Explicit, AI-generated Taylor Swift images spread quickly on social media

New York

Pornographic, AI-generated images of the world’s most famous star spread across social media this week, underscoring the damaging potential posed by mainstream artificial intelligence technology: its ability to create convincingly real and damaging images.

The fake images of Taylor Swift were predominantly circulating on social media site X, previously known as Twitter. The photos – which show the singer in sexually suggestive and explicit positions – were viewed tens of millions of times before being removed from social platforms.
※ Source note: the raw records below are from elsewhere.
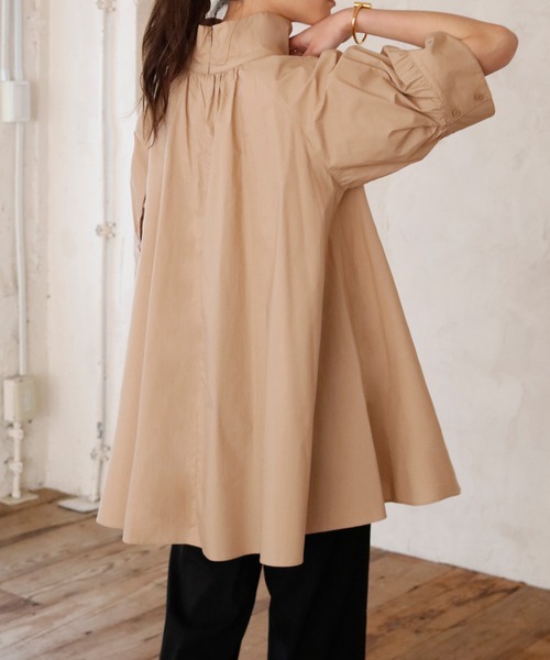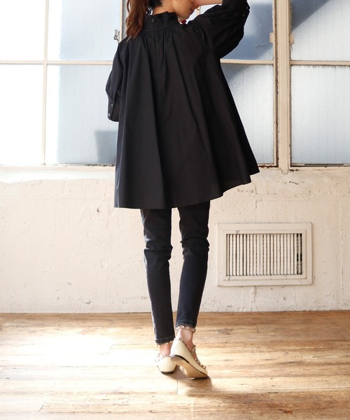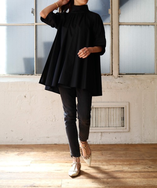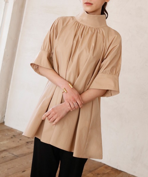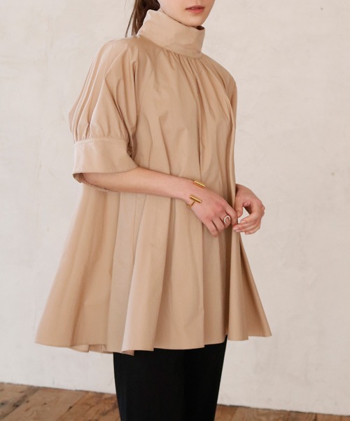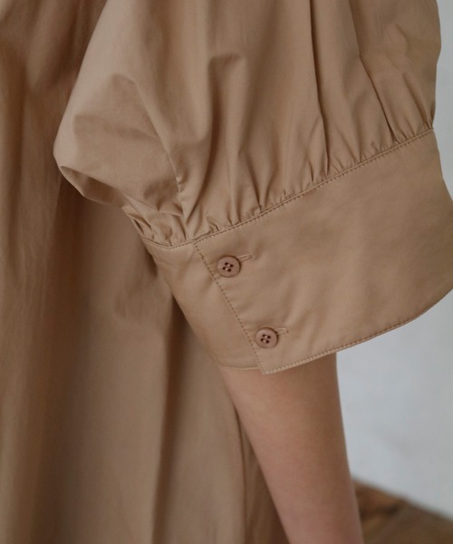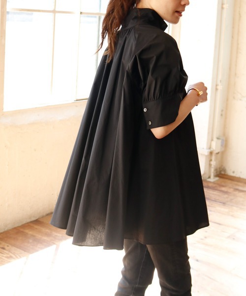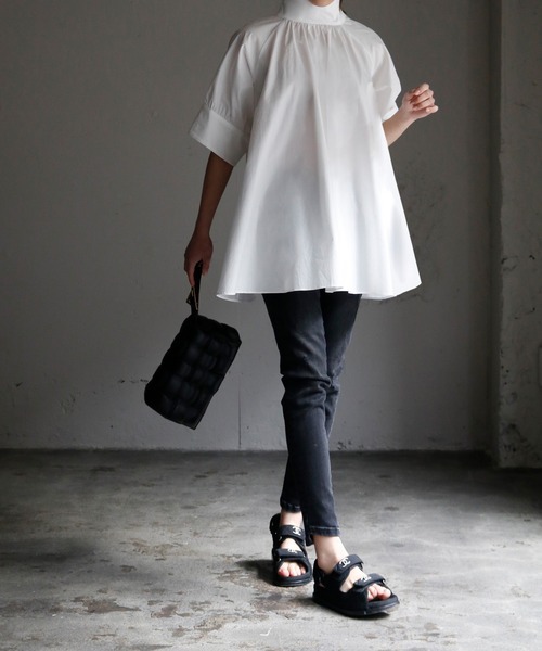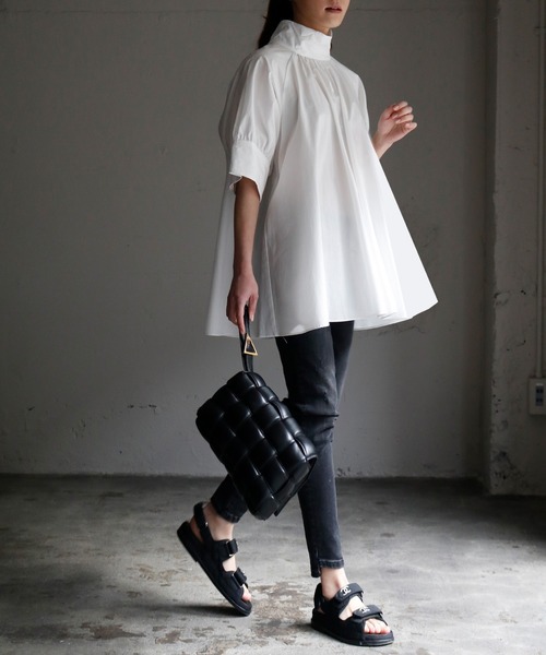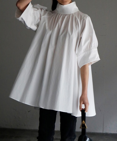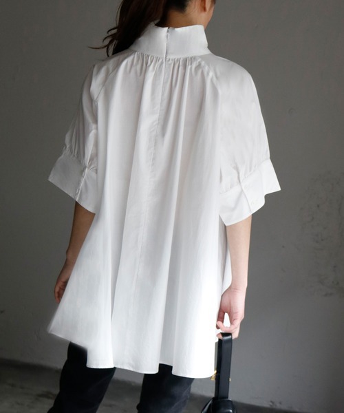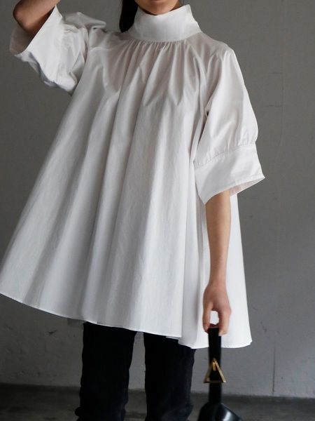 일본 2024 신작 반팔 흰색 루즈 퍼프 슬리브 스탠드 칼라 쇼트 셔츠스토어 가기
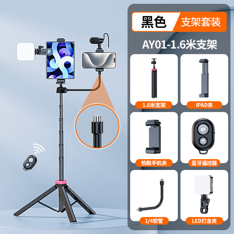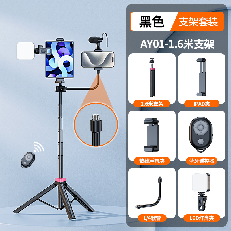 • AY01-1.6m 사진 브래킷 블랙 (표준 핫슈 휴대 전화 클립 + ipad 클립 + 호스 + TikTok 블루투스 + LED 조명)
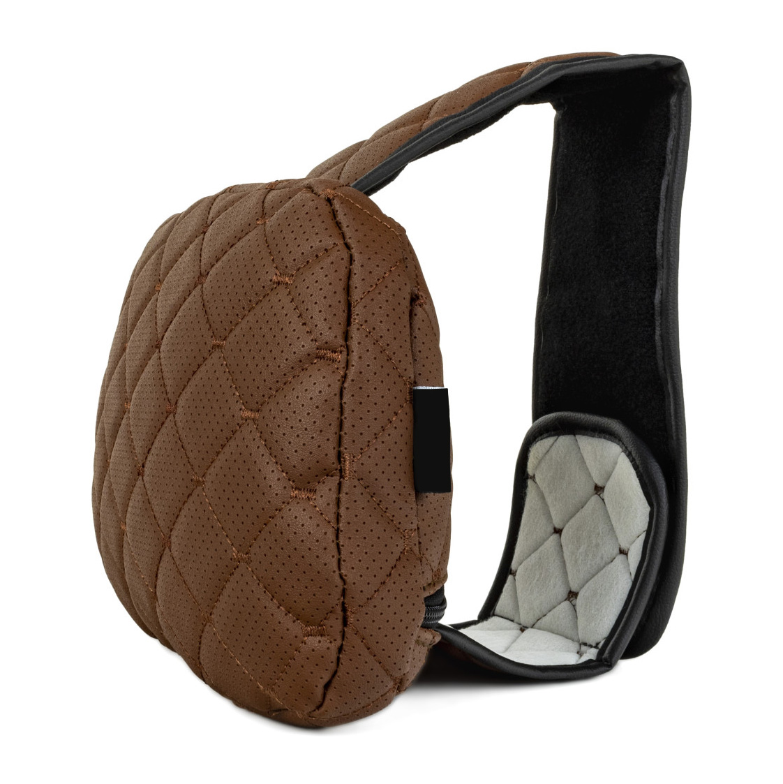 Coussin d’appui-tête réglable en similicuir, motif losange marron avec couture marron
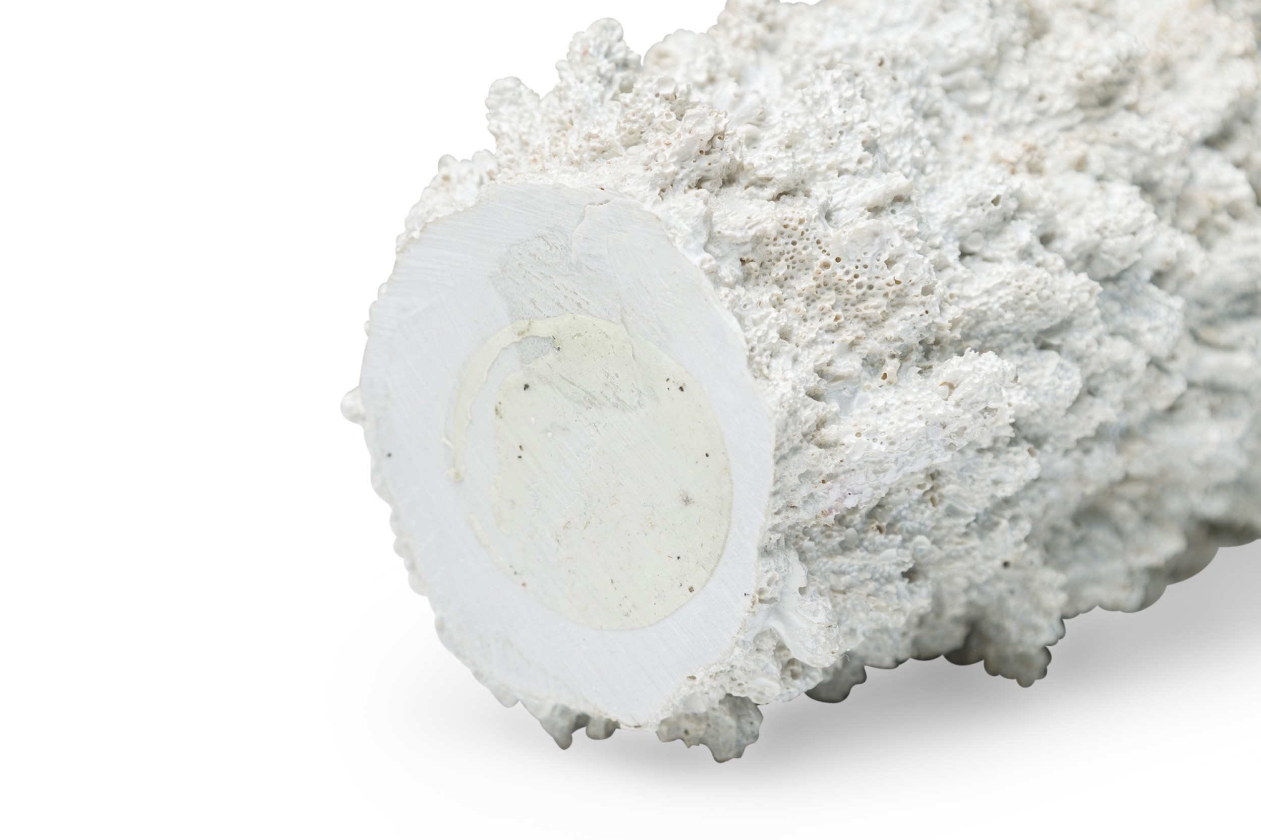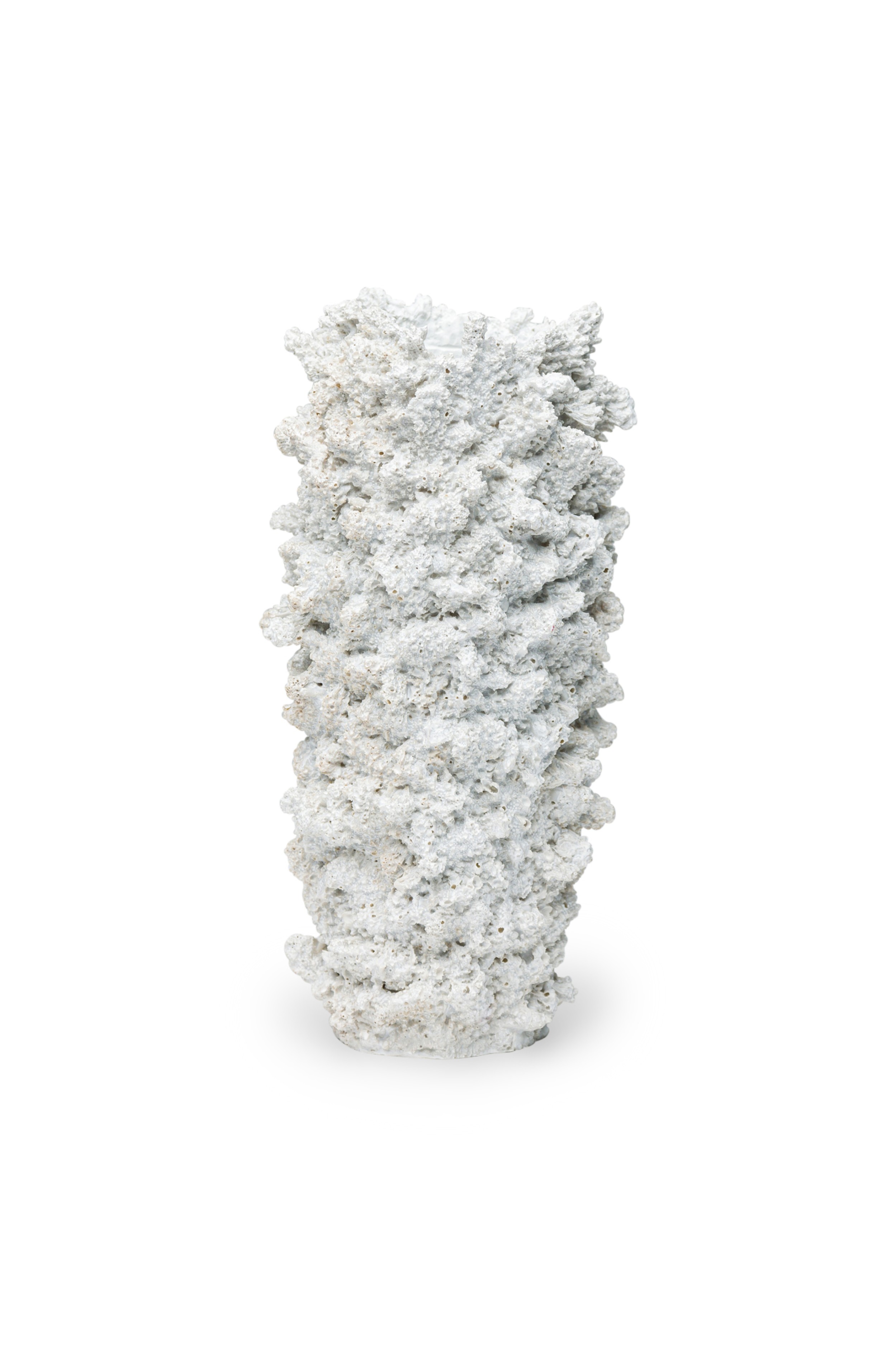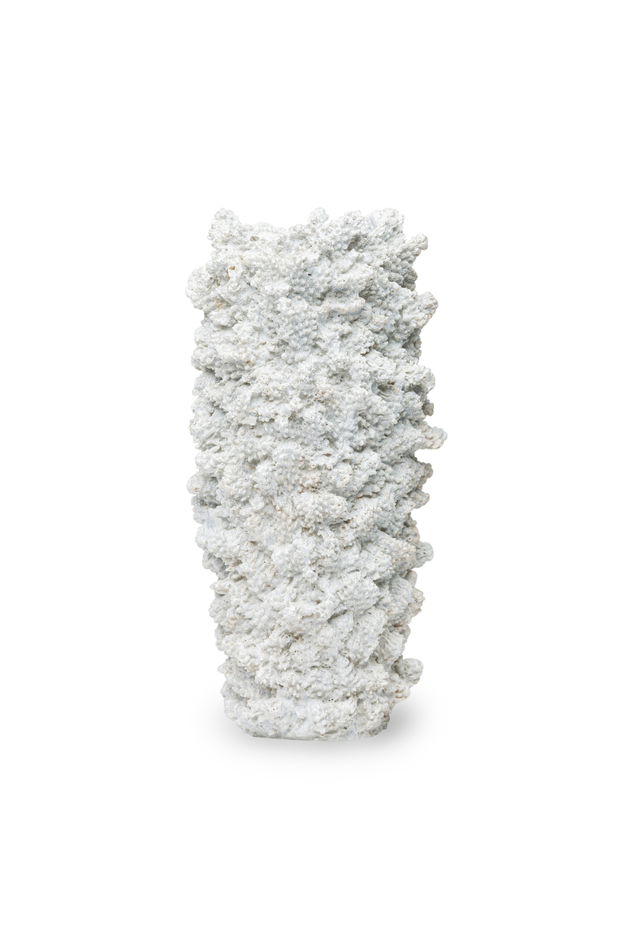 American Mid-Century White Coral form ceramic vase featuring a slender body with a rich coral-like texture
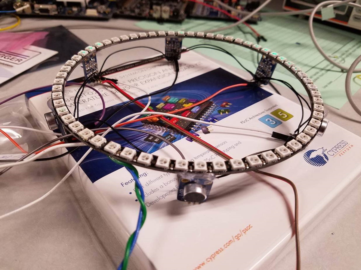 A ring of 60 tricolor LEDs with six microphones, all powered by a PSoC (Image source: Sree Harsha Angara)
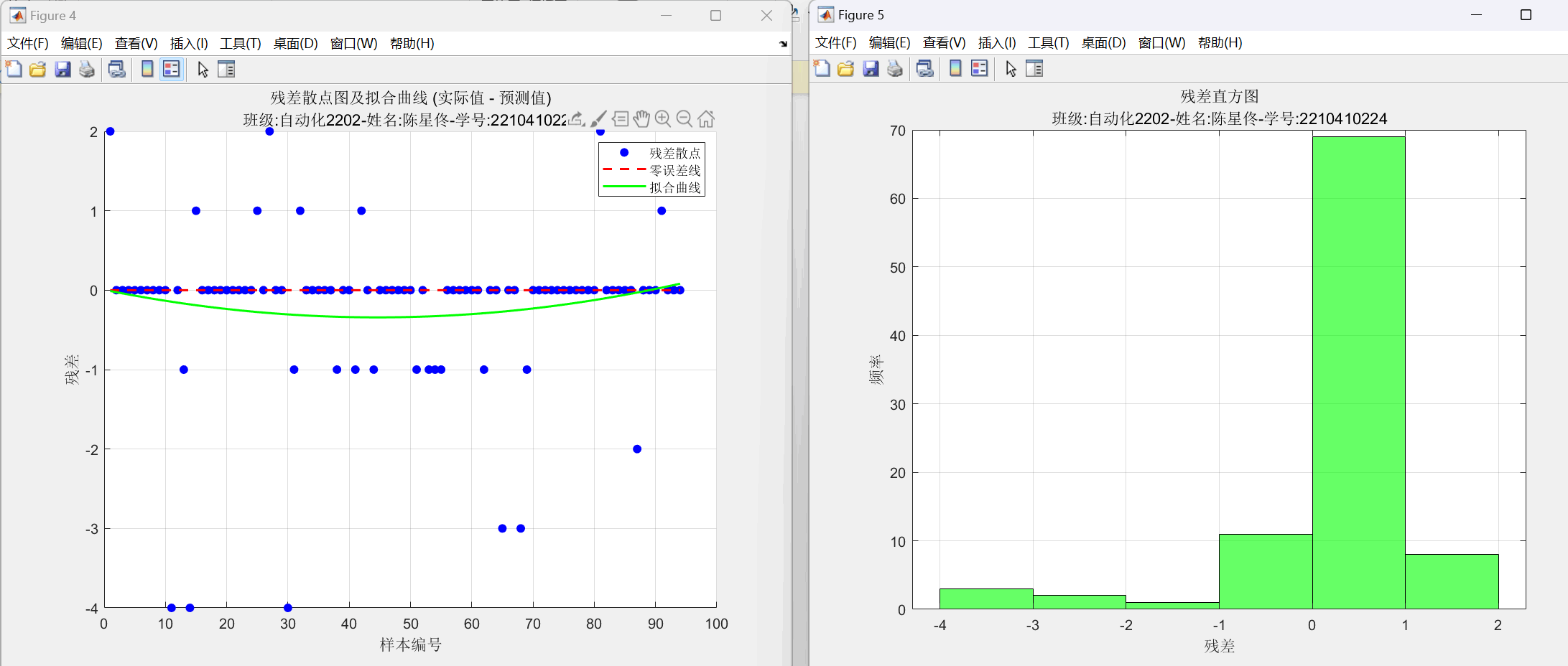 图21:重新设计的多层BP神经网络 残差散点图(含拟合曲线)和残差分布直方图
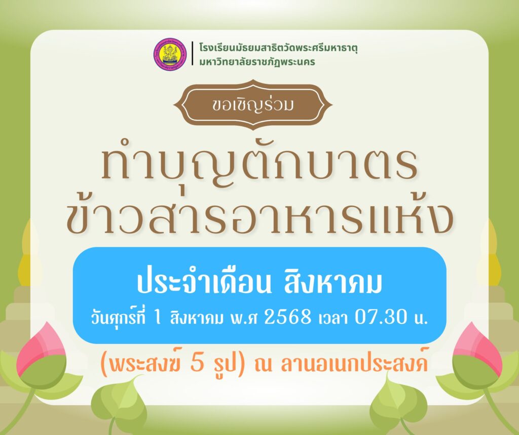 ขอเชิญร่วมกิจกรรม “ทำบุญตักบาตรข้าวสารอาหารแห้ง” ประจำเดือนสิงหาคม พ.ศ. 2568
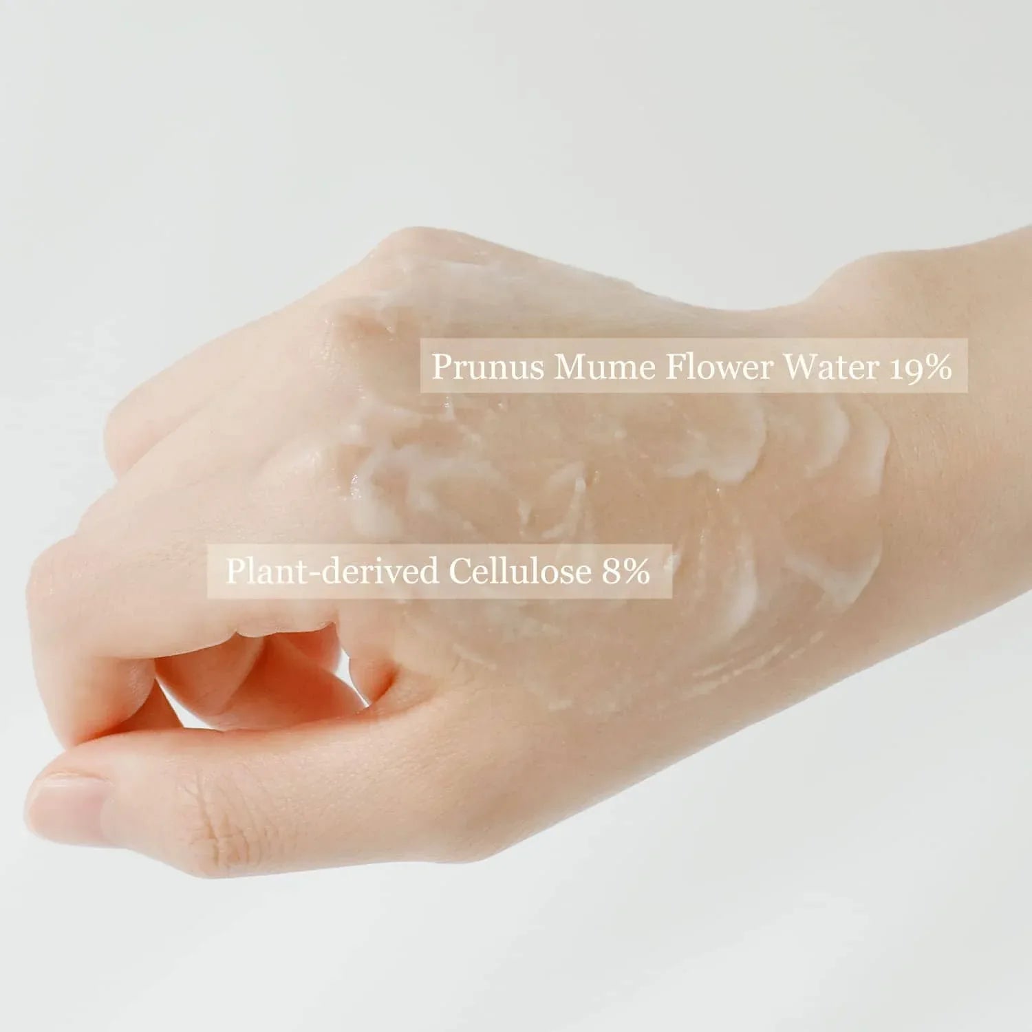 Moisturization : Containing 19% prunus mume water and 8% plant-derived cellulose, it helps make the skin texture soft and moist.

But nothing on the internet is truly gone forever, and they will undoubtedly continue to be shared on other, less regulated channels.

Swift’s spokesperson did not respond to a request for comment.

Like most major social media platforms, X’s policies ban the sharing of “synthetic, manipulated, or out-of-context media that may deceive or confuse people and lead to harm.”

The company did not respond to CNN’s request for comment.

The incident comes as the United States heads into a presidential election year, and concerns are growing about how misleading AI-generated images and videos could be used to head up disinformation efforts and ultimately disrupt the vote.

“This is a prime example of the ways in which AI is being unleashed for a lot of nefarious reasons without enough guardrails in place to protect the public square,” Ben Decker, who runs Memetica, a digital investigations agency, told CNN.

Decker said the exploitation of generative AI tools to create potentially harmful content targeting all types of public figures is increasing quickly and spreading faster than ever across social media.

“The social media companies don’t really have effective plans in place to necessarily monitor the content,” he said.

X, for example, has largely gutted its content moderation team and relies on automated systems and user reporting. (In the EU, X is currently being investigated over its content moderation practices).

Meta, too, made cuts to its teams that tackle disinformation and coordinated troll and harassment campaigns on its platforms, people with direct knowledge of the situation told CNN, raising concerns ahead of the pivotal 2024 elections in the US and around the world.

It’s unclear where the Taylor Swift-related images originated. Although some images were found on sites such as Instagram and Reddit, they were a widespread issue on X in particular.

The incident also coincides with the rise of AI-generation tools such as ChatGPT and Dall-E. However, there is also a much wider world of unmoderated not-safe-for-work AI models in open source platforms, Decker said.

“This is indicative of a larger kind of fracturing content moderation and platform governance because if all the stakeholders – the AI companies, social media companies, regulators and civil society – are not talking about the same things and on the same page about how to address these issues, this type of content is just going to continue to proliferate,” he added.

Decker said, however, that Swift being targeted could bring more attention to the growing issues around AI-generated imagery. Swift’s enormous contingent of loyal “Swifties” expressed their outrage on social media this week, bringing the issue to the forefront. In 2022, a Ticketmaster meltdown ahead of her Eras Tour concert sparked rage online, leading to several legislative efforts to crack down on consumer-unfriendly ticketing policies.

Perhaps the same will be true about damaging AI-generated images, Decker suggested.

“When you have figures like Taylor Swift who are this big [targeted], maybe this is what prompts action from legislators and tech companies because they can’t afford to have America’s sweetheart be on a public campaign against them,” he said. “I would argue they need to make her feel better because she does carry probably more clout than almost anyone else on the internet.”

This type of technology has been used to create what’s known as “revenge porn” – posting explicit images of someone online without their consent – for a while now but is getting renewed attention now because of the offending photos of Swift.

Nine US states currently have laws against the creation or sharing of non-consensual deepfake photography, which are synthetic images created to mimic one’s likeness.